## Work request
Please print out the entries below unchanged and skip the images.

-=-=-

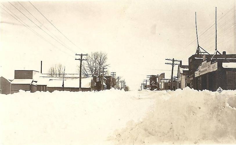 Electric customers were served by the double-crossarm line along the left with a telephone openwire lead on the right. Note the two tall poles atop one of the buildings on the right. These stancions apparently supported wire antennae for radio transmission or reception. Let's hope this storm didn't knock any of this into the phone wires aside and beneath them! |
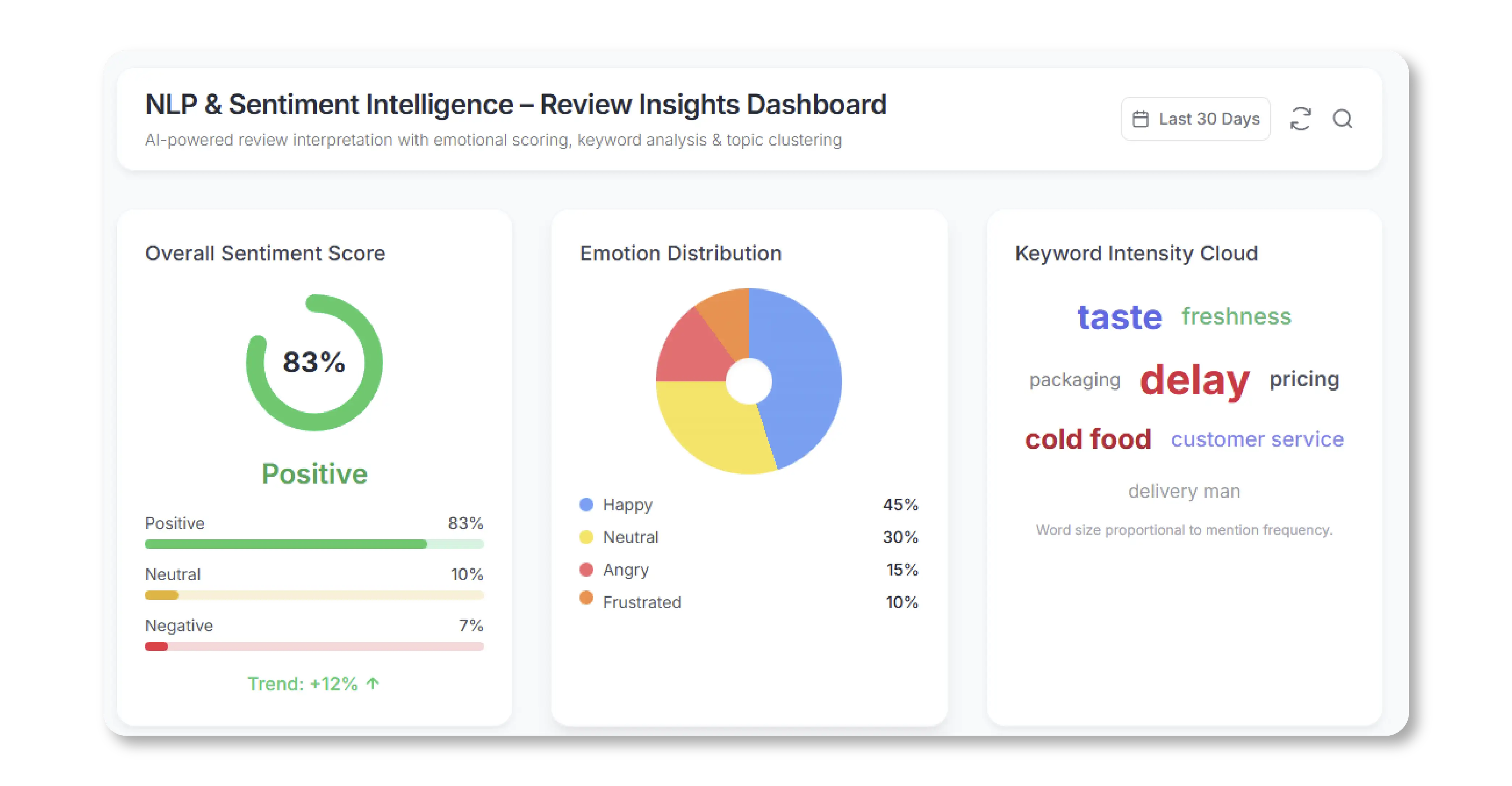 Sentiment scoring detects emotional tone, urgency patterns, reputation risks, and brand strengths. Topic modeling highlights emerging menu trends, preference shifts, and threat clusters such as repeated complaints on food temperature or delay frequencies.
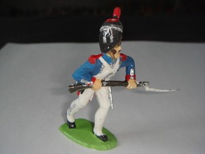FIGURINE EMPIRE HUSSARD AVEC FUSIL EN BIAIS MODÈLE SANS PLUMET (CASSE)
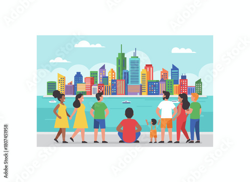 A colorful flat vector cartoon depicts a crowd of adults and children at the waterfront admiring a modern city panorama, with men and women gazing at the megapolis skyline
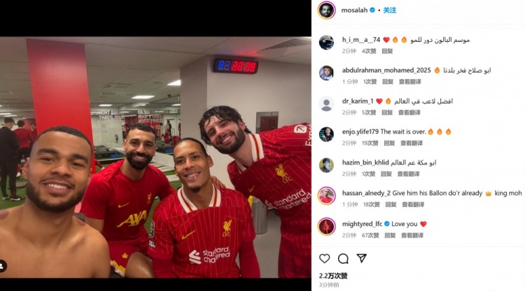 薩拉赫也一如既往在賽后通過社媒曬出進(jìn)球功臣的合照但并未附加文字內(nèi)容,加克波、索博斯洛伊、范迪克在列。
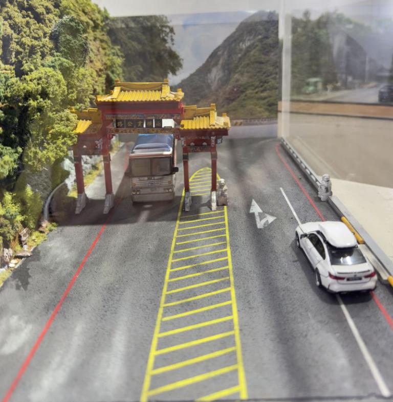▲李緯群製作的太魯閣牌樓。(圖/記者蔣彤雲攝)
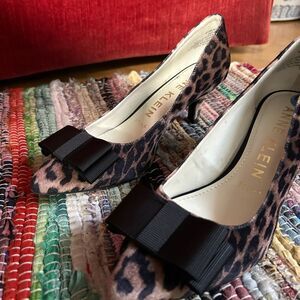 Chic animal print heels by Anne Klein. Features bold black bow detail. Ideal for a stylish outfit.
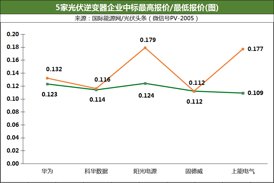 阳光电源最低价中标项目为,山西国际能源集团新能源投资管理有限责任公司组串式逆变器集中采购项目,该项目招标容量400MW,阳光电源投标报价4958.08万元,折合单价0.124元/W。
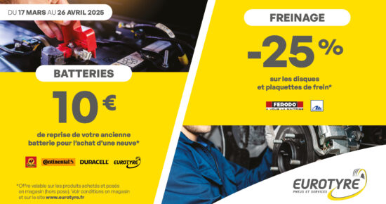 Du 24 mars au 26 avril 2025, pour l’achat et la pose de 2 ou 4 pneumatiques, recevez jusqu’à 130€ […]
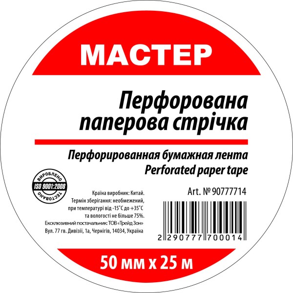 Стрічка перфорована паперова 50мм*25м (60 шт/ящ)
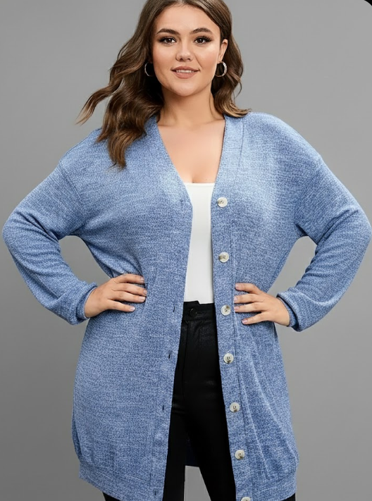 Flattering Fit: The Khloe Plus Size Cardigan features a relaxed yet tailored design that drapes beautifully over any outfit, providing a flattering silhouette that enhances your natural shape.
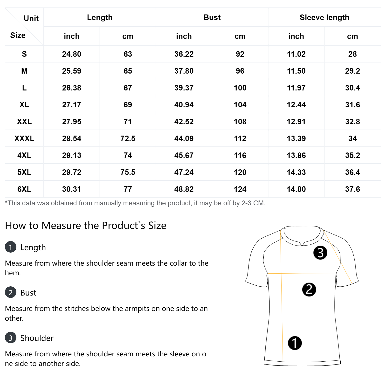 The measurement data of this size is obtained by laying clothes flat. Due to different measurement methods, it is normal that the error is within 2-3cm.
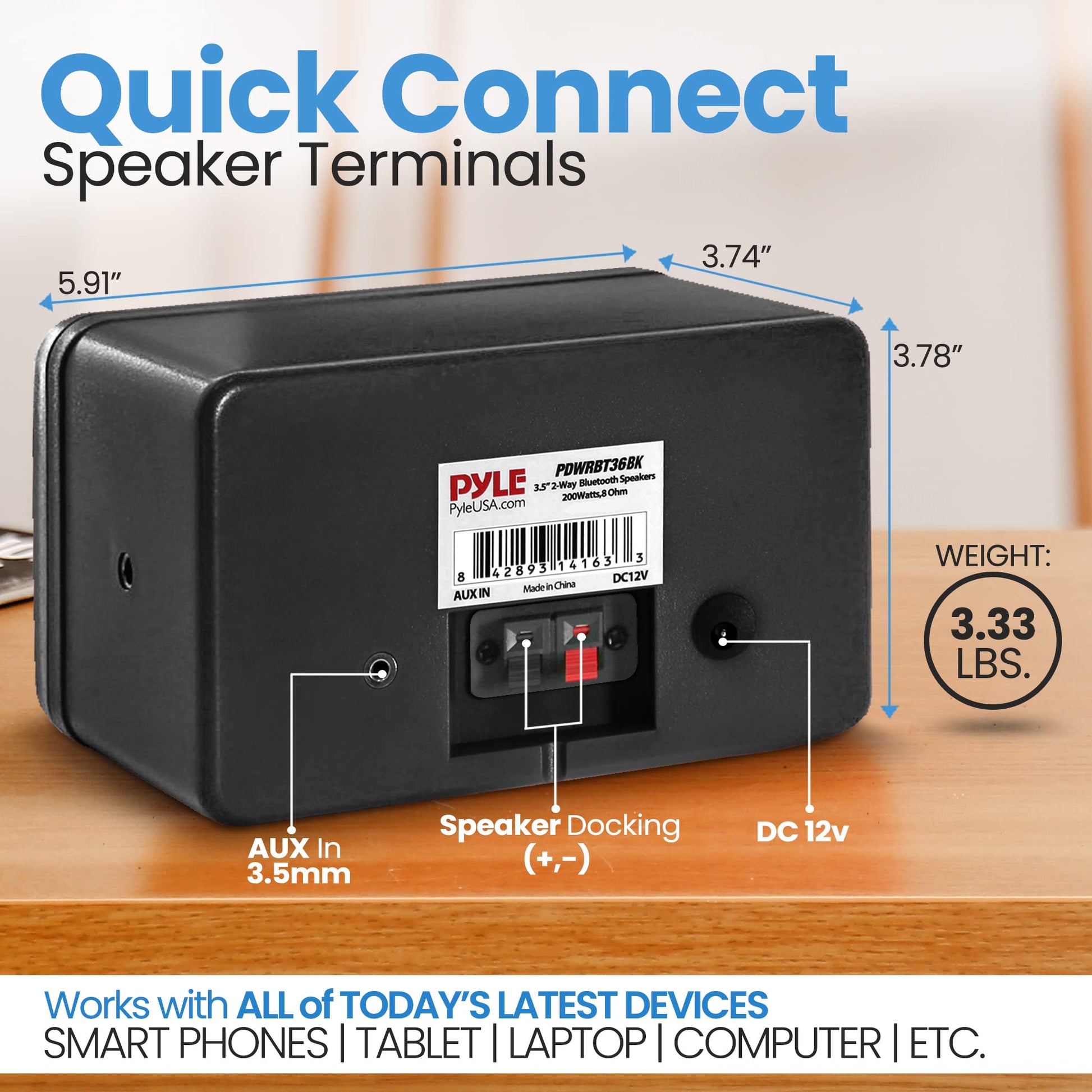PyleUsa Bluetooth Indoor Outdoor Speakers Pair - 200 Watt Dual Waterproof 3.5” 2-Way Full Range Speaker System w/ 1/2” High Compliance Polymer Tweeter - Home, Boat, Patio, Poolside - PDWRBT36BK,Black
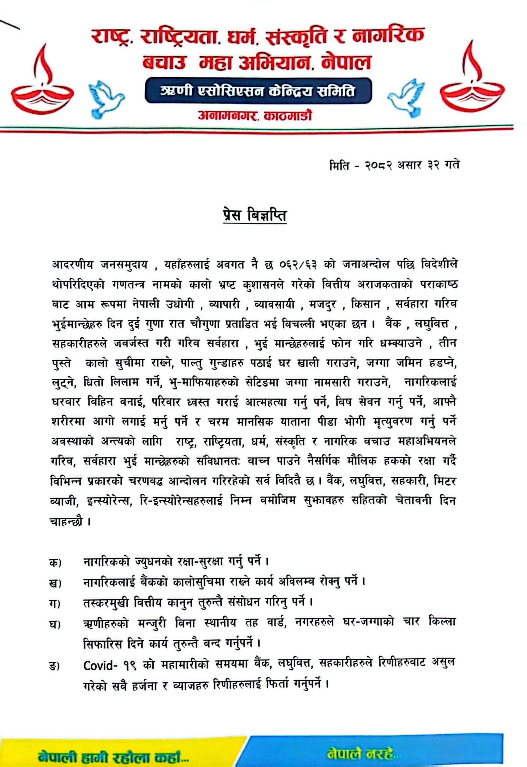 ‘राष्ट्र, राष्ट्रियता, धर्म, संस्कृति र नागरिक बचाऊ महाअभियान नेपाल’ अन्तर्गत ऋणी एसोसिएसन केन्द्रीय समितिले बैंक, लघुवित्त, सहकारी तथा सूदखोरहरूमाथि कडा चेतावनीसहितको प्रेस विज्ञप्ति जारी गर्दै जनतालाई ‘आत्मरक्षा’का लागि खडा हुन अपील गरेको छ। अनामनगर, काठमाडौंमा बसेको समितिको आपतकालीन बैठकले वित्तीय अत्याचार विरुद्ध जनस्तरमै विद्रोहको तयारी भइरहेको उल्लेख गरेको छ।
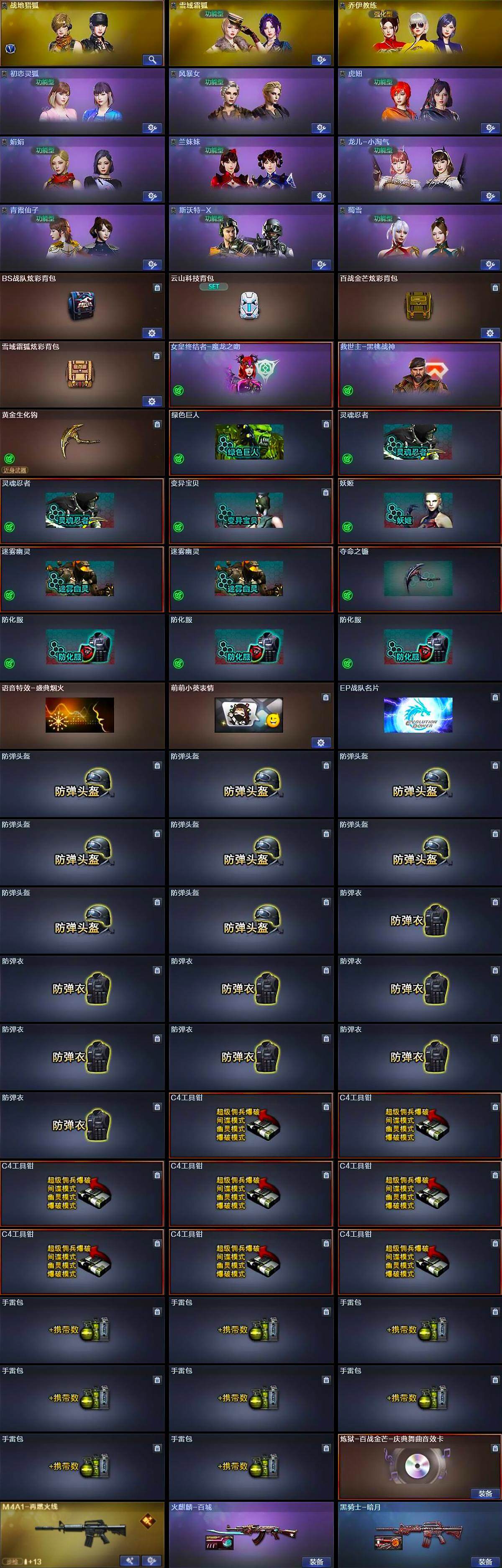 【道具】:BS战队炫彩背包,云山科技背包,百战金芒炫彩背包,雪域霜狐炫彩背包,女皇终结者-魔龙之吻,救世主-黑桃战神,黄金生化钩,绿色巨人,灵魂忍者*2,变异宝贝,妖姬,迷雾幽灵*2,夺命之镰,防化服*3,语音特效-盛典烟火,萌萌小葵表情,EP战队名片,防弹头盔*8,防弹衣*8,C4工具钳*8,手雷包*8
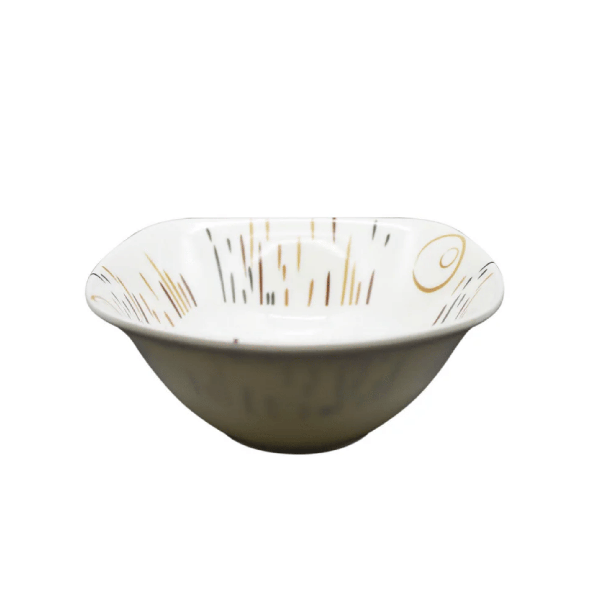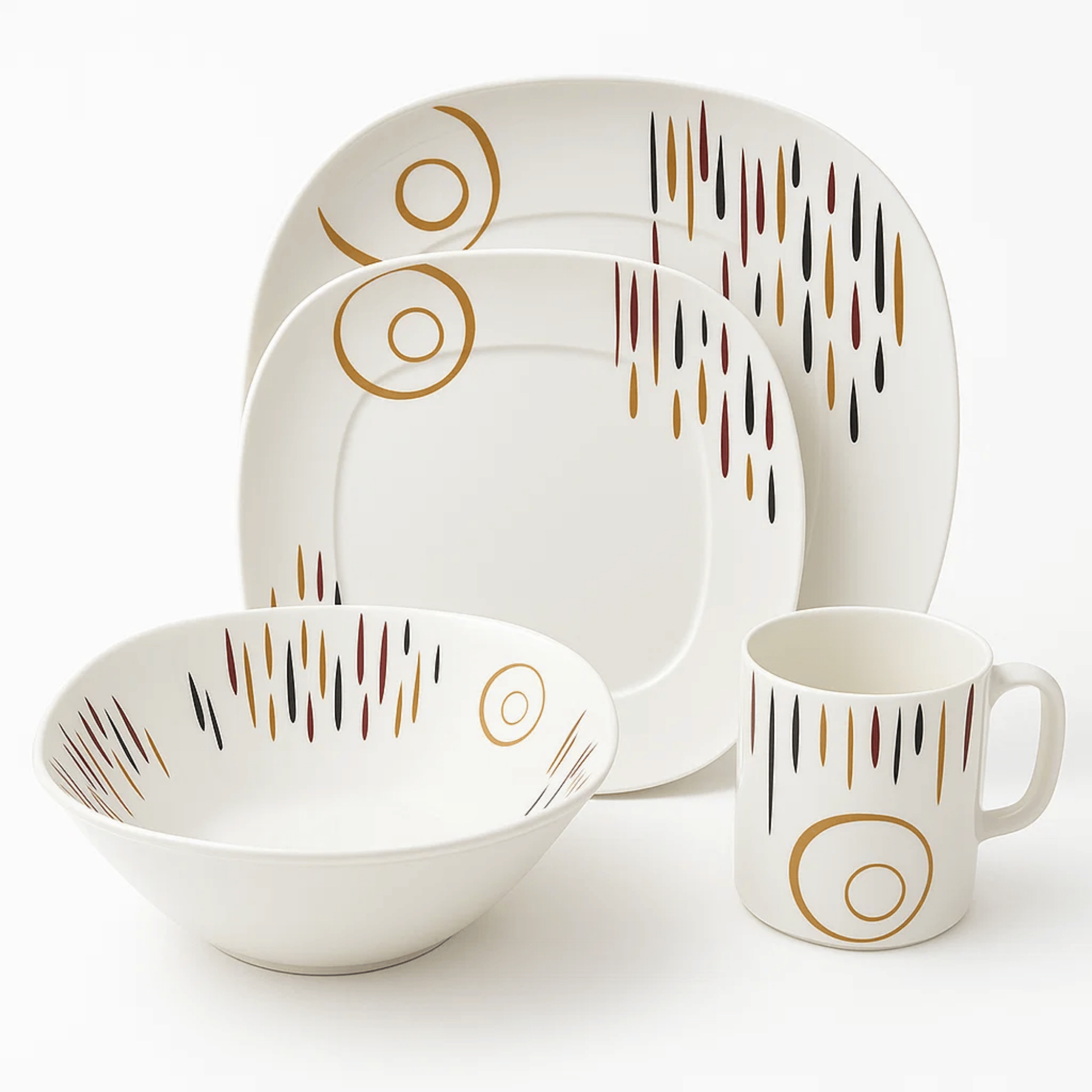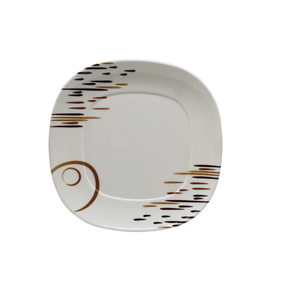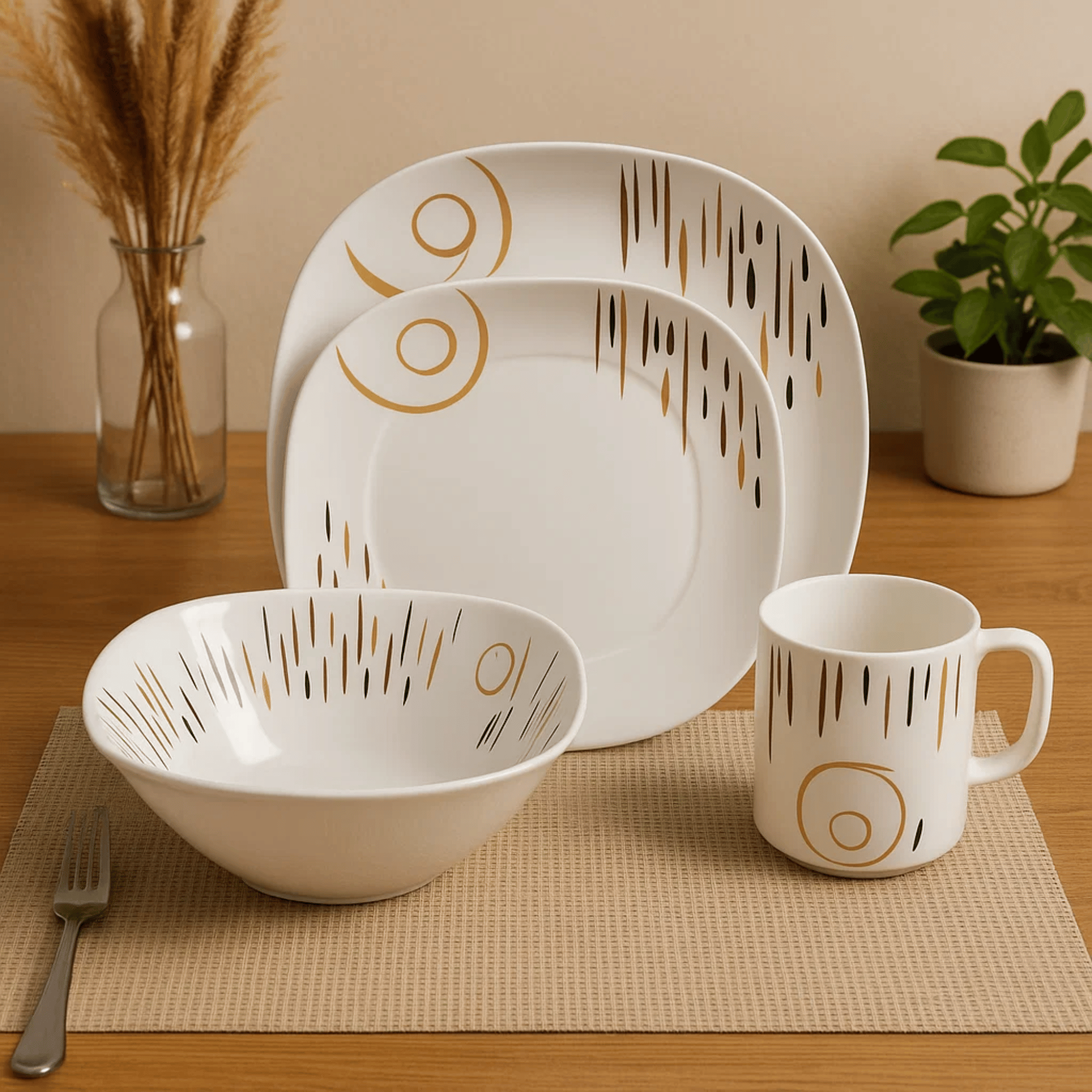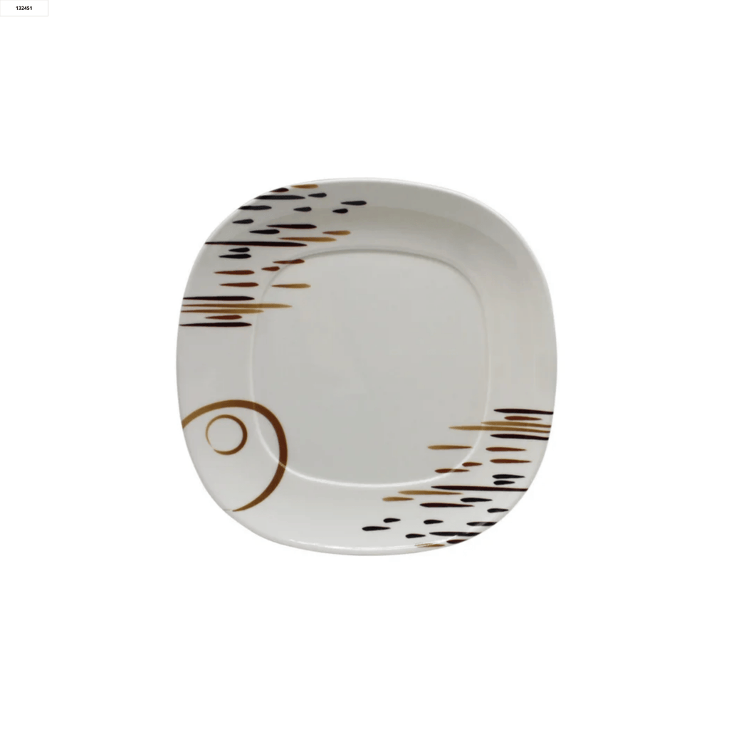 VAJILLA EN MELAMINA IMPERIAL BLANCA LINEAS CAFE-BORDE SEMI CUADRADO 16 PIEZAS
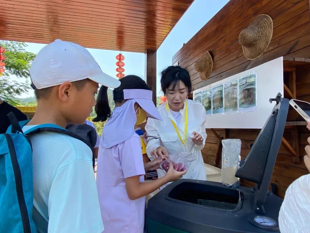 首先,小朋友們在史聰老師的帶領(lǐng)下參觀了農(nóng)場。隨后,在廚余垃圾變沃土小課堂上,張熹涵老師為小朋友們分享了垃圾分類、土壤的類型、廚余垃圾的作用、如何使用廚余垃圾制作有機(jī)土壤、黑水虻處理系統(tǒng)等內(nèi)容,小朋友們聽得津津有味。老師也通過展示成功培育的沃土,讓小朋友們近距離觀察真實(shí)土壤發(fā)酵及黑水虻生長的過程。

-=-=-

## Response
 Electric customers were served by the double-crossarm line along the left with a telephone openwire lead on the right. Note the two tall poles atop one of the buildings on the right. These stancions apparently supported wire antennae for radio transmission or reception. Let's hope this storm didn't knock any of this into the phone wires aside and beneath them! |
 Sentiment scoring detects emotional tone, urgency patterns, reputation risks, and brand strengths. Topic modeling highlights emerging menu trends, preference shifts, and threat clusters such as repeated complaints on food temperature or delay frequencies.
FIGURINE EMPIRE HUSSARD AVEC FUSIL EN BIAIS MODÈLE SANS PLUMET (CASSE)
 A colorful flat vector cartoon depicts a crowd of adults and children at the waterfront admiring a modern city panorama, with men and women gazing at the megapolis skyline
 薩拉赫也一如既往在賽后通過社媒曬出進(jìn)球功臣的合照但并未附加文字內(nèi)容,加克波、索博斯洛伊、范迪克在列。
▲李緯群製作的太魯閣牌樓。(圖/記者蔣彤雲攝)
 Chic animal print heels by Anne Klein. Features bold black bow detail. Ideal for a stylish outfit.
 阳光电源最低价中标项目为,山西国际能源集团新能源投资管理有限责任公司组串式逆变器集中采购项目,该项目招标容量400MW,阳光电源投标报价4958.08万元,折合单价0.124元/W。
 Du 24 mars au 26 avril 2025, pour l’achat et la pose de 2 ou 4 pneumatiques, recevez jusqu’à 130€ […]
 Стрічка перфорована паперова 50мм*25м (60 шт/ящ)
 Flattering Fit: The Khloe Plus Size Cardigan features a relaxed yet tailored design that drapes beautifully over any outfit, providing a flattering silhouette that enhances your natural shape.
 The measurement data of this size is obtained by laying clothes flat. Due to different measurement methods, it is normal that the error is within 2-3cm.
PyleUsa Bluetooth Indoor Outdoor Speakers Pair - 200 Watt Dual Waterproof 3.5” 2-Way Full Range Speaker System w/ 1/2” High Compliance Polymer Tweeter - Home, Boat, Patio, Poolside - PDWRBT36BK,Black
 ‘राष्ट्र, राष्ट्रियता, धर्म, संस्कृति र नागरिक बचाऊ महाअभियान नेपाल’ अन्तर्गत ऋणी एसोसिएसन केन्द्रीय समितिले बैंक, लघुवित्त, सहकारी तथा सूदखोरहरूमाथि कडा चेतावनीसहितको प्रेस विज्ञप्ति जारी गर्दै जनतालाई ‘आत्मरक्षा’का लागि खडा हुन अपील गरेको छ। अनामनगर, काठमाडौंमा बसेको समितिको आपतकालीन बैठकले वित्तीय अत्याचार विरुद्ध जनस्तरमै विद्रोहको तयारी भइरहेको उल्लेख गरेको छ।
 【道具】:BS战队炫彩背包,云山科技背包,百战金芒炫彩背包,雪域霜狐炫彩背包,女皇终结者-魔龙之吻,救世主-黑桃战神,黄金生化钩,绿色巨人,灵魂忍者*2,变异宝贝,妖姬,迷雾幽灵*2,夺命之镰,防化服*3,语音特效-盛典烟火,萌萌小葵表情,EP战队名片,防弹头盔*8,防弹衣*8,C4工具钳*8,手雷包*8
 VAJILLA EN MELAMINA IMPERIAL BLANCA LINEAS CAFE-BORDE SEMI CUADRADO 16 PIEZAS
 首先,小朋友們在史聰老師的帶領(lǐng)下參觀了農(nóng)場。隨后,在廚余垃圾變沃土小課堂上,張熹涵老師為小朋友們分享了垃圾分類、土壤的類型、廚余垃圾的作用、如何使用廚余垃圾制作有機(jī)土壤、黑水虻處理系統(tǒng)等內(nèi)容,小朋友們聽得津津有味。老師也通過展示成功培育的沃土,讓小朋友們近距離觀察真實(shí)土壤發(fā)酵及黑水虻生長的過程。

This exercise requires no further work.